***** COLLECTED DATA
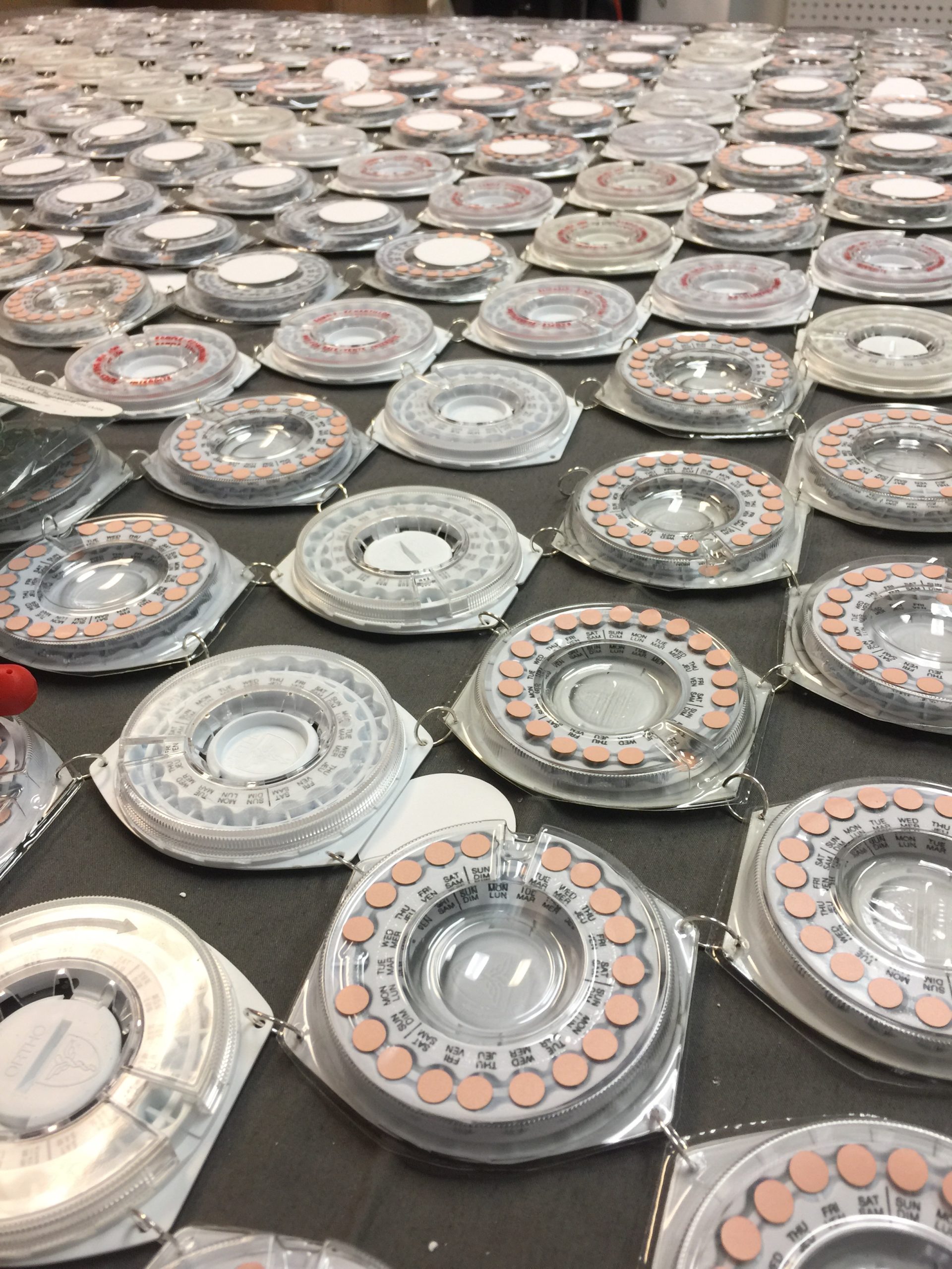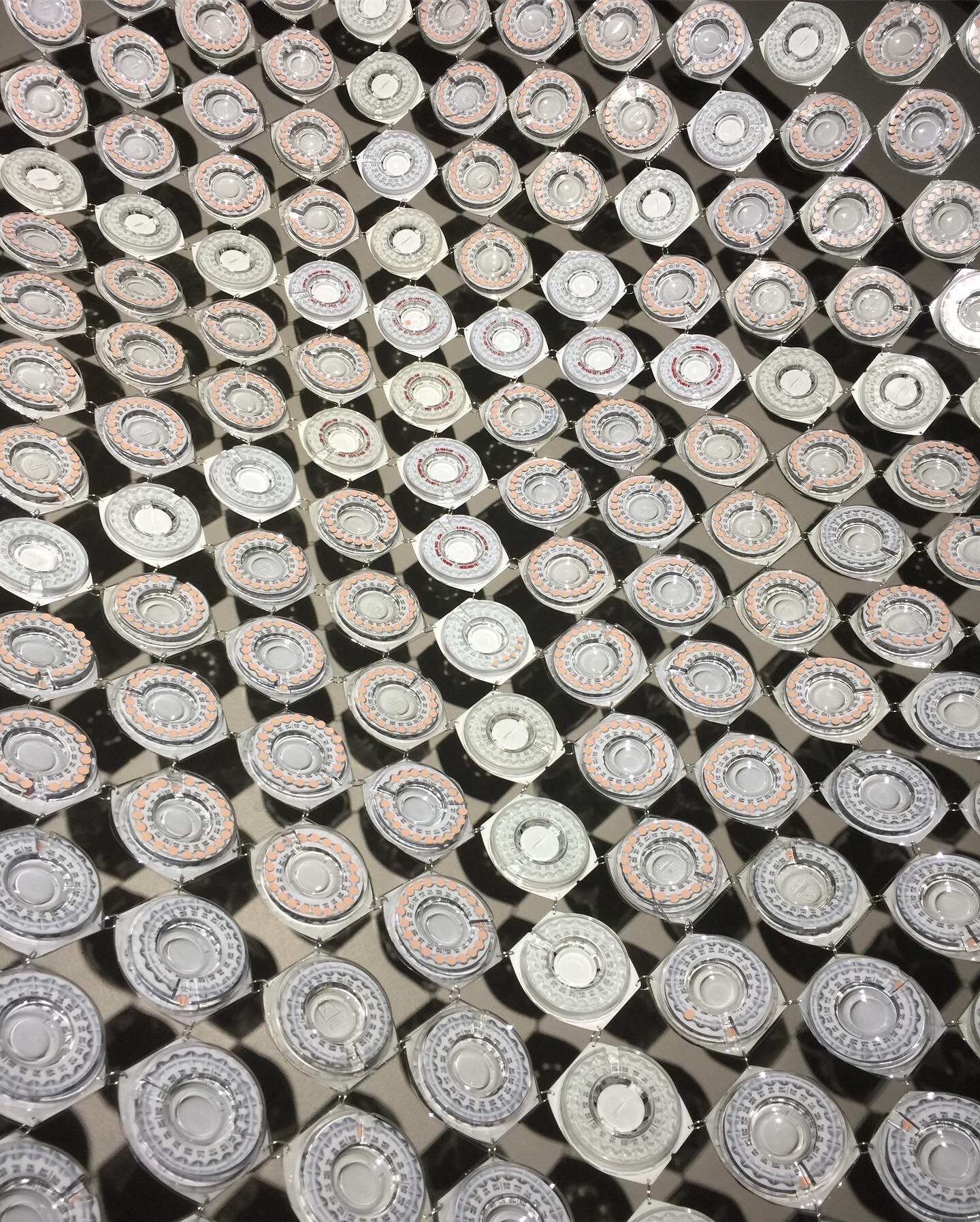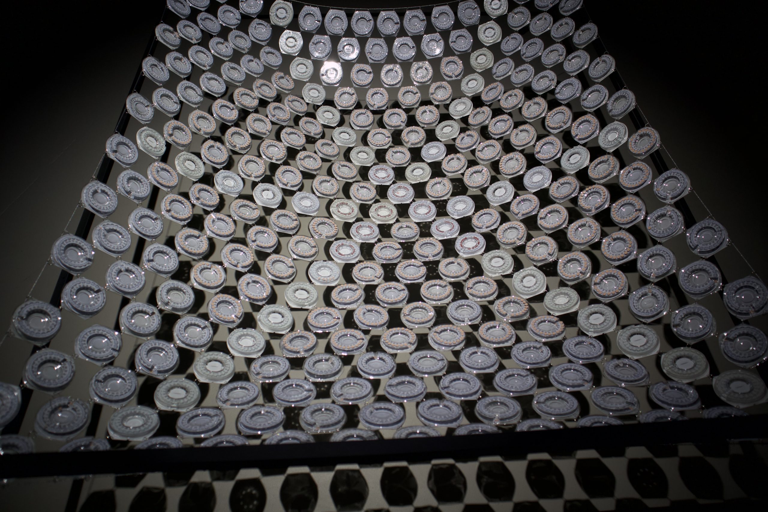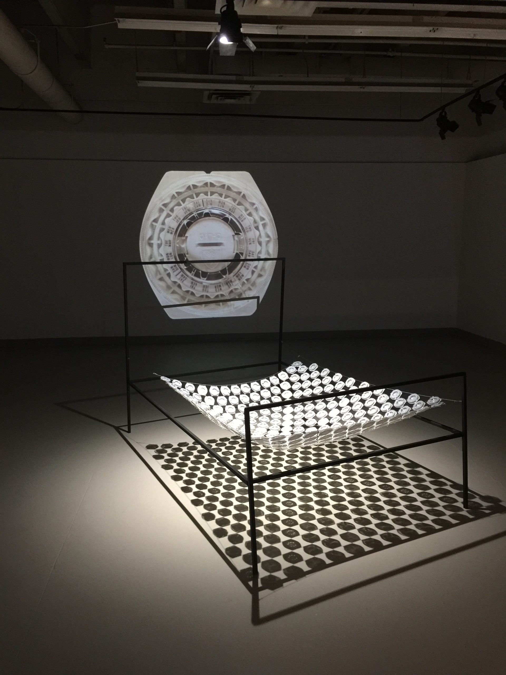The artwork is created to look like an heirloom. Fertility is part of the domestic realm, so a quilt (often an heirloom) used as a bedspread has a place here. Within the logic of a quilt, the appearance of the birth control packaging, called a Dialpak, looks similar to a crocheted rosette; a crafted decoration often made to adorn a bedspread. The quilt is suspended within an abstracted metal bed frame and lit from above so that the quilt casts a distinct shadow of itself across the floor underneath.
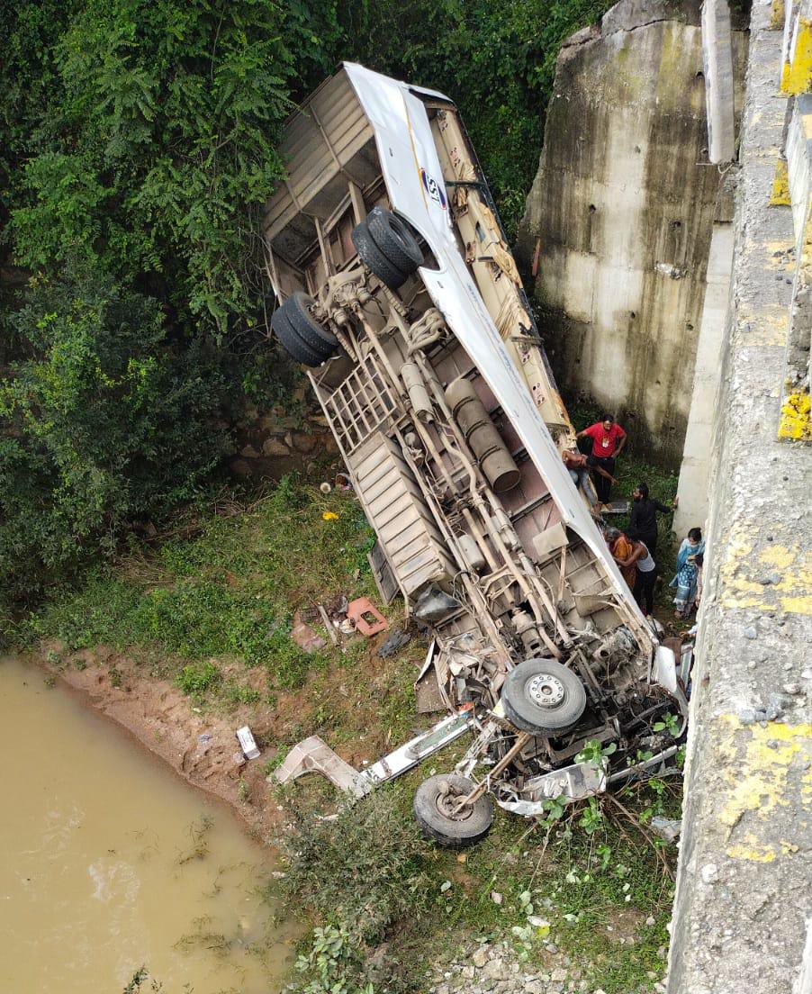 गिरीडीह से राँची आ रही तीर्थयात्रियों से भरी बस पुल के नीचे गिरा
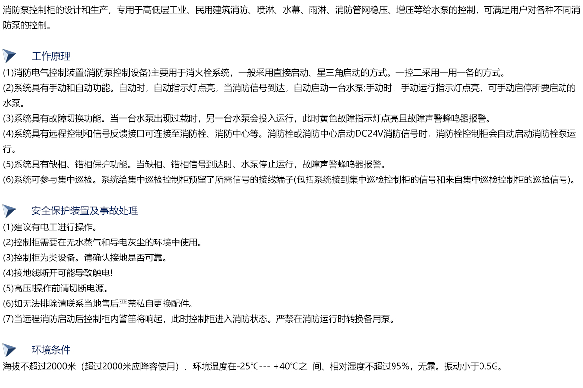 此系列全自动变频控制柜是我公司吸收国内外水泵控制的先进经验,经过多年生产和应用,不断完善优化后,精心设计制作而成。变频控制柜具有过载、短路、缺相保护以及泵体漏水,电机超温及漏电等多种保护功能及齐全的状态显示,并具备单泵及多泵控制工作模式,多种主备泵切换方式及各类起动方式。可广泛适用于工农业生产及各类建筑的给水、排水、消防、喷淋管网增压以及暖通空调冷热水循环等多种场合的自动控制。水泵控制柜内在质量优良,外形美观耐用,安装操作方便,是各类水泵安全可靠的伴侣。
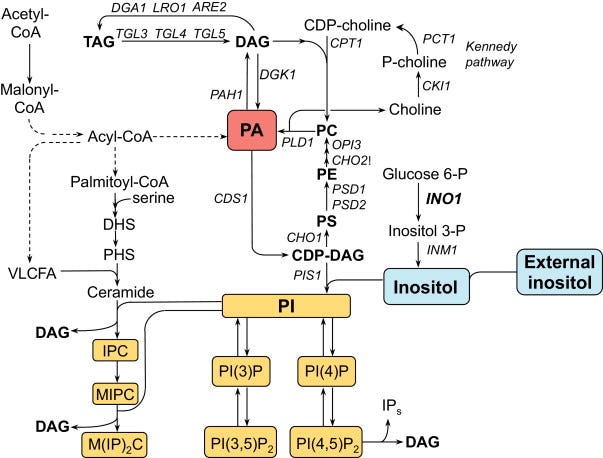 肌醇在此处被整合到磷脂酰肌醇(PI)中。
**********
### EXERCISE OBJECTIVE
In your copy of the material, match every word exactly and include no pictures.

### EXERCISE RESULT
The artwork is created to look like an heirloom. Fertility is part of the domestic realm, so a quilt (often an heirloom) used as a bedspread has a place here. Within the logic of a quilt, the appearance of the birth control packaging, called a Dialpak, looks similar to a crocheted rosette; a crafted decoration often made to adorn a bedspread. The quilt is suspended within an abstracted metal bed frame and lit from above so that the quilt casts a distinct shadow of itself across the floor underneath.
 गिरीडीह से राँची आ रही तीर्थयात्रियों से भरी बस पुल के नीचे गिरा
 此系列全自动变频控制柜是我公司吸收国内外水泵控制的先进经验,经过多年生产和应用,不断完善优化后,精心设计制作而成。变频控制柜具有过载、短路、缺相保护以及泵体漏水,电机超温及漏电等多种保护功能及齐全的状态显示,并具备单泵及多泵控制工作模式,多种主备泵切换方式及各类起动方式。可广泛适用于工农业生产及各类建筑的给水、排水、消防、喷淋管网增压以及暖通空调冷热水循环等多种场合的自动控制。水泵控制柜内在质量优良,外形美观耐用,安装操作方便,是各类水泵安全可靠的伴侣。
 肌醇在此处被整合到磷脂酰肌醇(PI)中。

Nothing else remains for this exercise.